What I see is a strange form of craving to churn out more papers with little to no real contribution to the field. We should take a step back and ask whether there is enough fundamental research in NLP/CL. Maybe I am too pessimistic, but I fail to see that.
It’s true that these statistics only measure quantity and not quality. I tried to approximate the latter by only including the top conferences in the field, but quality remains a very difficult metric to measure.
I do agree that there are a lot of unnecessary papers in the field, although I’m not sure if their ratio has actually increased or it’s just the result of more people working in that area.
Great analysis, thanks for sharing it!
One question on the selection of venues: If the conferences of both the American (NAACL) and European (EACL) chapters of ACL are included, why not Asia Pacific (IJCNLP)?
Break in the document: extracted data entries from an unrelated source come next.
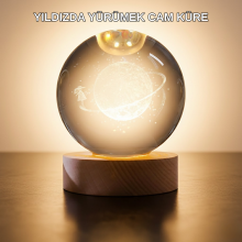 Gün Işığı LED’li 3D Kristal Galaksi Küre Ahşap Tabanlı Dekoratif Lamba adet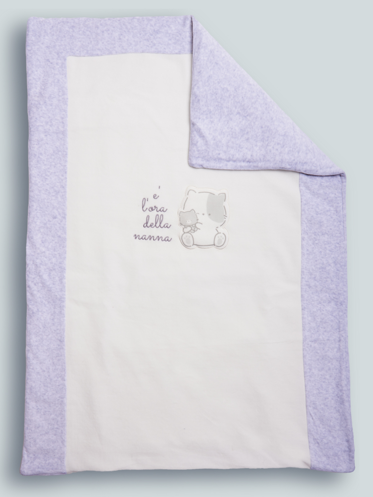 Calda copertina con la quale il tuo piccolo/a si sentirà protetto durante i suoi riposini. Tessuto morbida ciniglia. Elemento decorativo: tenera grafica ricamata con stampa gattino su toppa imbottita riproposto su altri articoli newborn neonato. Particolarità dell’ articolo: sacco imbottito estraibile. Dimensioni dell’articolo: 82 x 60cm. Questo accessorio fa parte del corredino composto da tutti gli articoli indispensabili per il tuo neonato.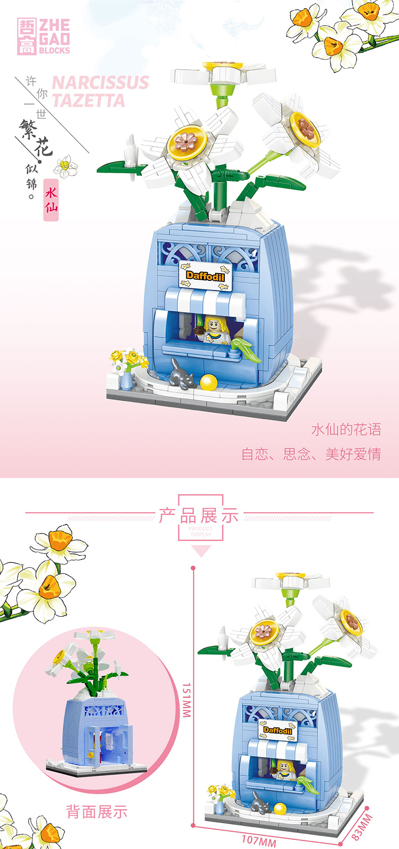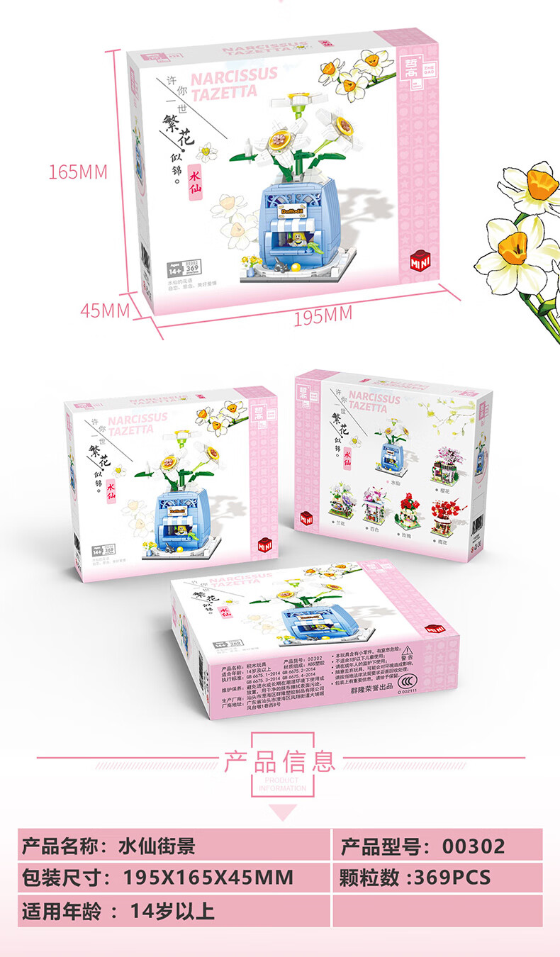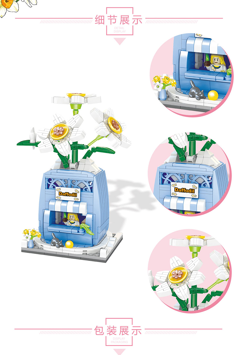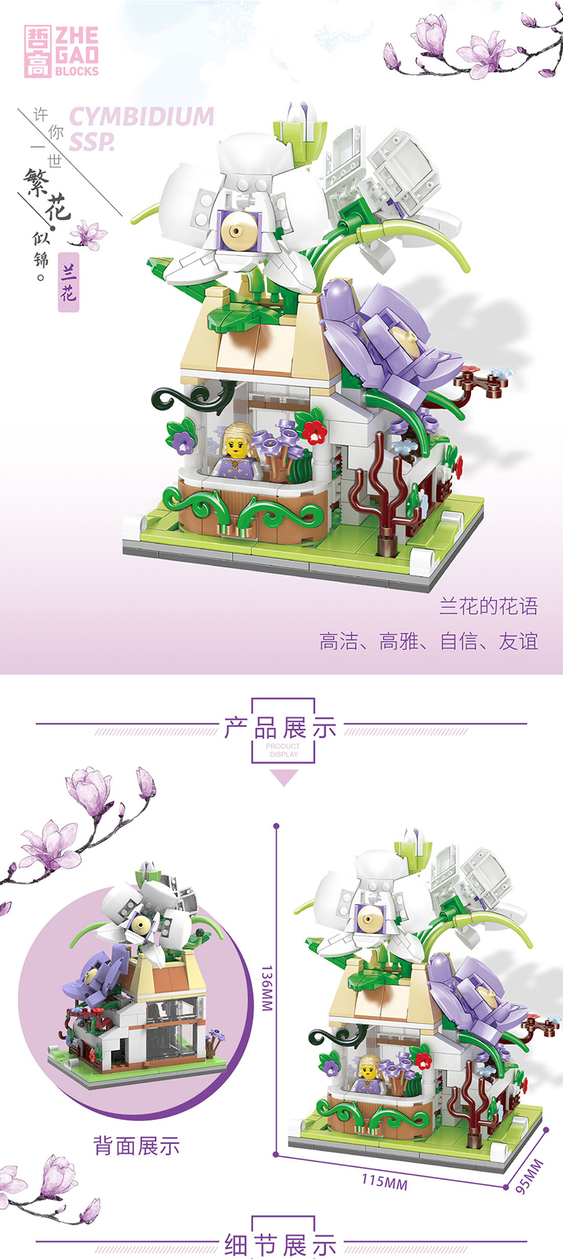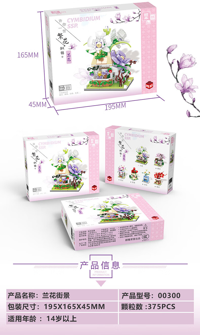 哲高 积木拼装玫瑰花店街景小颗粒鲜花小店玩具送女友女孩生日礼物 00300-兰花街景-375PCS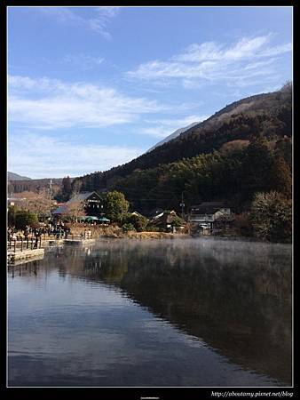 根據http://www.zipangguide.net/travel/sight/oita/kinrin_lake.html, 金鱗湖是1個周長約400公尺的小湖,湖的西邊湧出溫泉(至今湖底仍不斷冒出溫泉),而東邊湧出的卻是清水. 這個溫泉和清水各佔一半的湖泊,因溫度差異而使得湖面上產生晨霧瀰漫的特殊美景.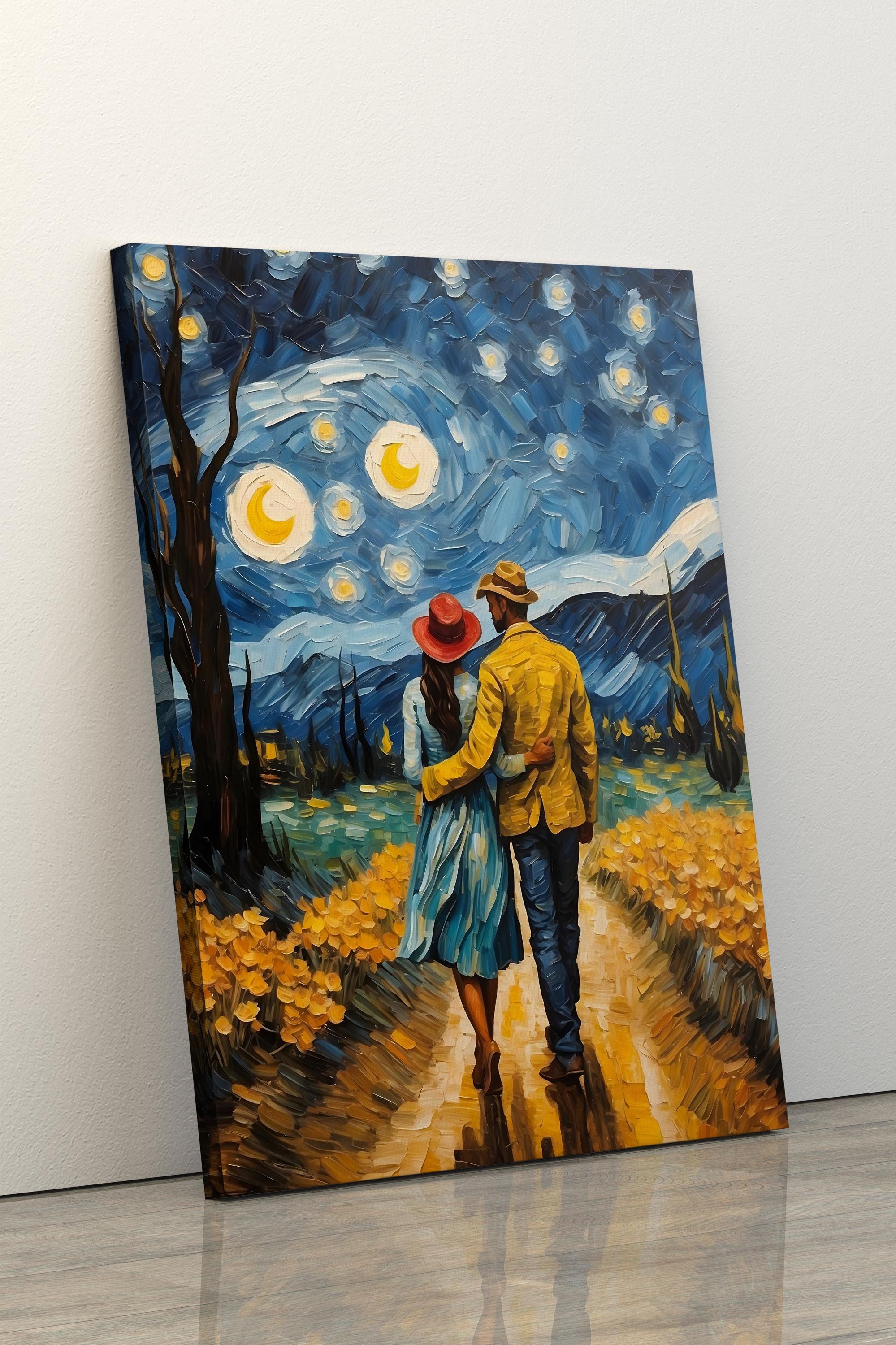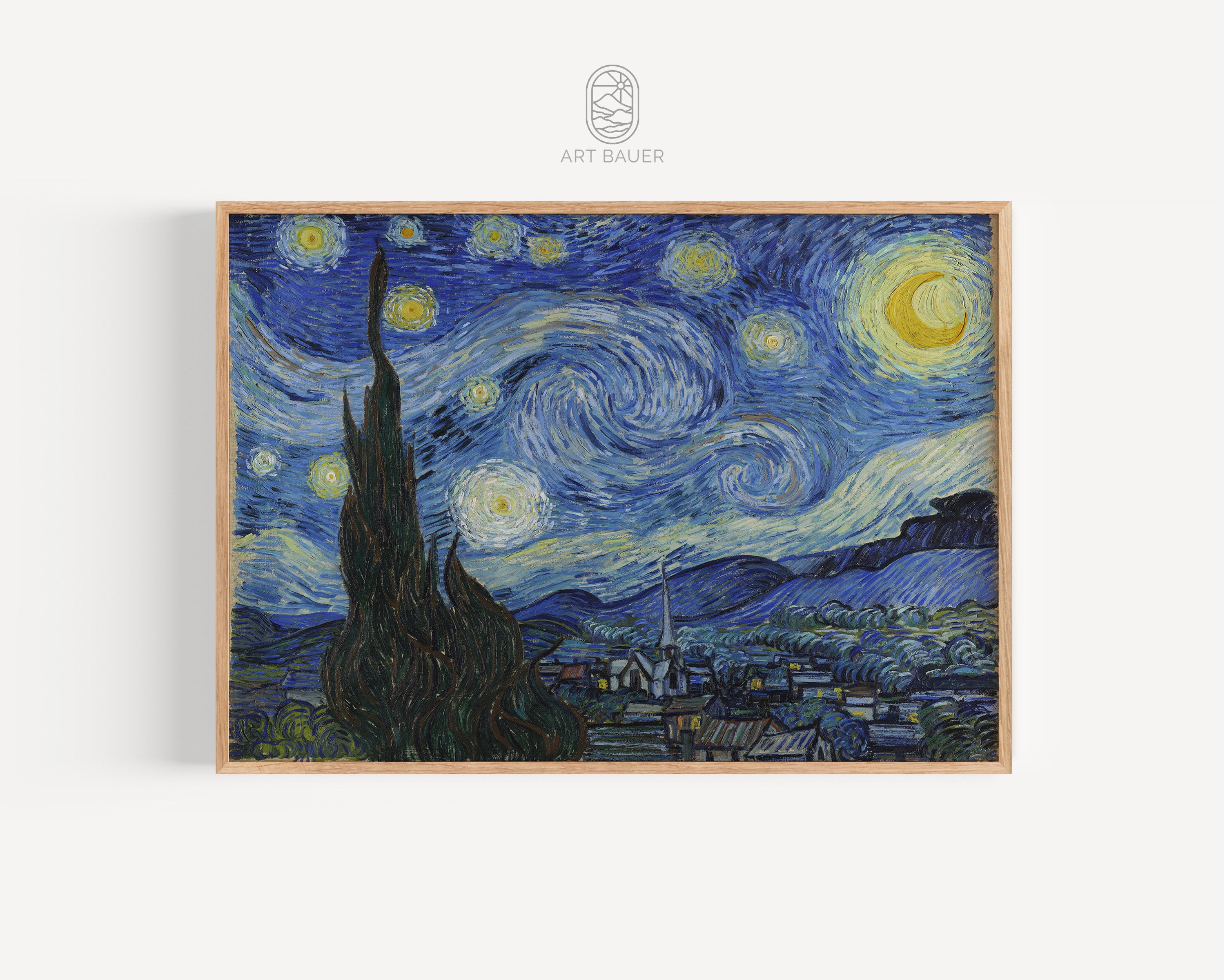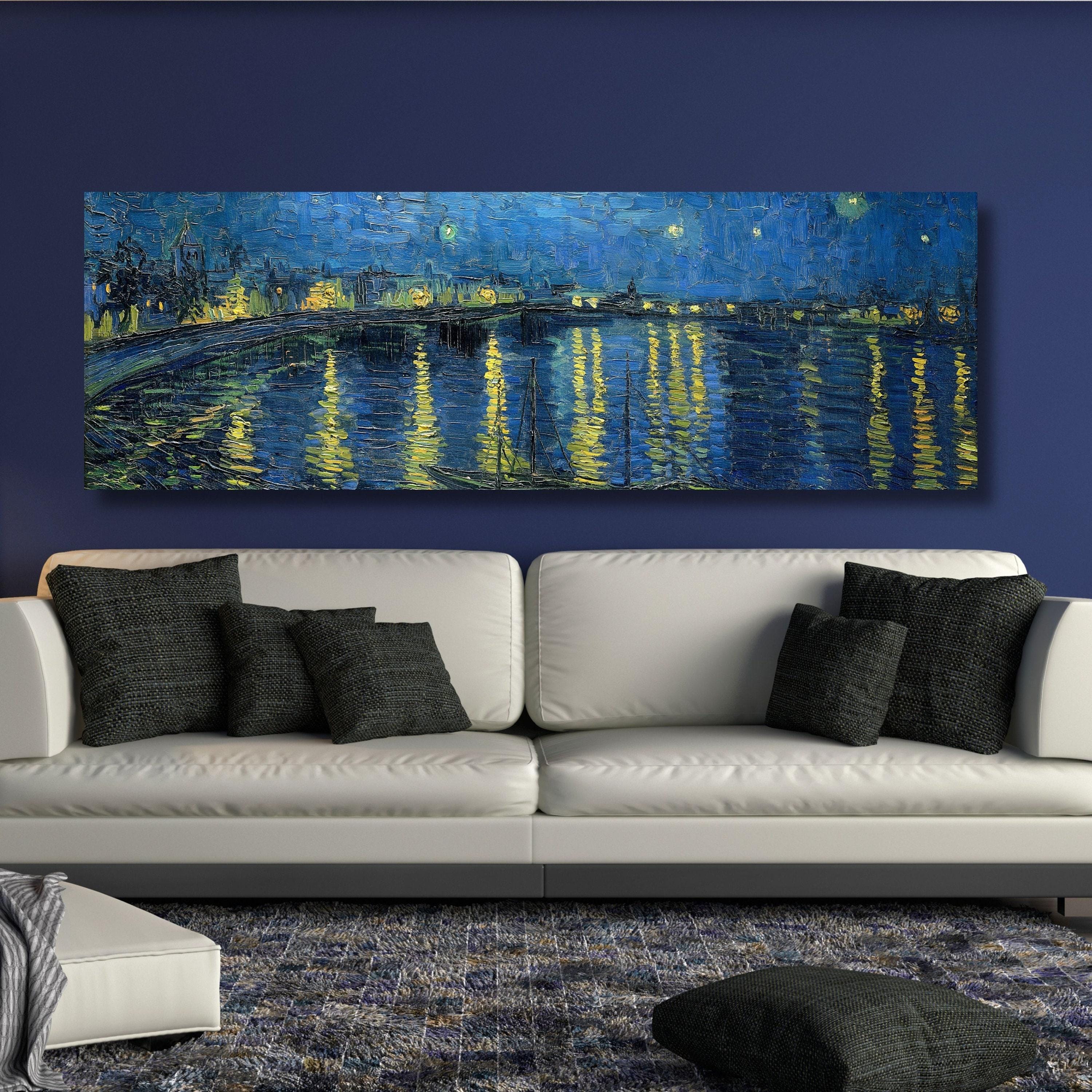 • Starry Night Van Gogh Print, Starry Night Canvas, Blue Landscape, P...

Leaving out that conference seeems to bias the analysis towards certain regions, especially the author statistics.
For this analysis I chose the main conferences that I personally follow. To be honest, I don’t know much about IJCNLP. I’m happy to consider it in the future, but there are loads of other conferences that could potentially be included as well. Also, according to the ACL Anthology, it’s not an ACL event and is listed in the “Other” section instead.
Although when I first saw the topic Ml-Nlp publications, I was thinking distribution of publications among subfields of Ml, Nlp , still found it to be an interesting read.
Pingback:57 Summaries of Machine Learning and NLP Research - Marek Rei
Nice analysis! For the first author, will the co-first author been encountered? There should be a footnote in the first page which shows the equal contribution status.
Is this information accurate ? For example, for Percy Liang it shows 0 NIPS’17 papers, but I can see 3 on his page: https://cs.stanford.edu/~pliang/papers/
It’s as accurate as I could make it with automatic matching. It seems he is credited as “Percy S. Liang” in the NIPS proceedings, as opposed to “Percy Liang” in the ACL proceedings.
I’ll add a rule to fix this in the next version, but unfortunately I can’t see a reliable way of discovering these exceptions automatically.